Scrub typhus: radiological and clinical findings in abdominopelvic involvement.

作者信息

Kim Kun Yung, Song Ji Soo, Park Eun Hae, Jin Gong Yong

机构信息

Department of Radiology, Chonbuk National University Medical School and Hospital, 20 Geonji-ro, Deokjin-gu, Jeonju, Chonbuk, 54907, Korea.
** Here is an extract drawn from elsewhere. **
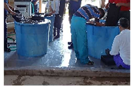
福祉事業所による水稻苗箱洗い

Research Institute of Clinical Medicine of Chonbuk National University, Jeonju, Korea.

出版信息

Jpn J Radiol. 2017 Mar;35(3):101-108. doi: 10.1007/s11604-016-0607-6. Epub 2017 Jan 2.

Abstract

PURPOSE

To describe the clinical and radiological findings of abdominopelvic involvement in scrub typhus.

MATERIALS AND METHODS

Abdominopelvic computed tomography (CT) of 78 patients with scrub typhus were evaluated by two readers. The presence of gallbladder wall thickening, arterial inhomogeneous enhancement of the liver, periportal edema, splenic infarction, hepatomegaly, splenomegaly, ascites, pleural effusion, and sites of lymphadenopathy were evaluated. Patients were divided into four clinical subgroups according to laboratory findings. Association between imaging findings and subgroups was analyzed by Chi squared test or Fisher's exact test.

RESULTS

The most common CT finding was hepatomegaly (74.4%), followed by splenomegaly (66.7%). The majority of patients had at least three areas of abdominopelvic lymphadenopathy (71.8%). Pelvic lymphadenopathy was most commonly seen when eschar was found in the ipsilateral lower extremity (left, n = 5/7; right, n = 8/13). Significant association between hepatic dysfunction and perigastric lymphadenopathy was documented (p = 0.03).

CONCLUSION

Scrub typhus has a spectrum of variable clinical and radiological findings mimicking those of acute hepatitis. Diffuse abdominopelvic lymphadenopathy involving the retroperitoneum and pelvic area may aid in early diagnosis of scrub typhus. Perigastric lymphadenopathy could be a sign of severe scrub typhus combined with hepatic dysfunction.

摘要

目的

描述恙虫病腹部盆腔受累的临床及影像学表现。

材料与方法

两名阅片者对78例恙虫病患者的腹部盆腔计算机断层扫描(CT)进行评估。评估胆囊壁增厚、肝脏动脉期不均匀强化、肝门周围水肿、脾梗死、肝肿大、脾肿大、腹水、胸腔积液及淋巴结肿大部位。根据实验室检查结果将患者分为四个临床亚组。采用卡方检验或Fisher精确检验分析影像学表现与亚组之间的关联。

结果

最常见的CT表现为肝肿大(74.4%),其次是脾肿大(66.7%)。大多数患者至少有三个腹部盆腔淋巴结肿大区域(71.8%)。当同侧下肢发现焦痂时,盆腔淋巴结肿大最为常见(左侧,n = 5/7;右侧,n = 8/13)。肝功能障碍与胃周淋巴结肿大之间存在显著关联(p = 0.03)。

结论

恙虫病具有一系列可变的临床和影像学表现,可模仿急性肝炎。累及腹膜后和盆腔区域的弥漫性腹部盆腔淋巴结肿大可能有助于恙虫病的早期诊断。胃周淋巴结肿大可能是重症恙虫病合并肝功能障碍的一个征象。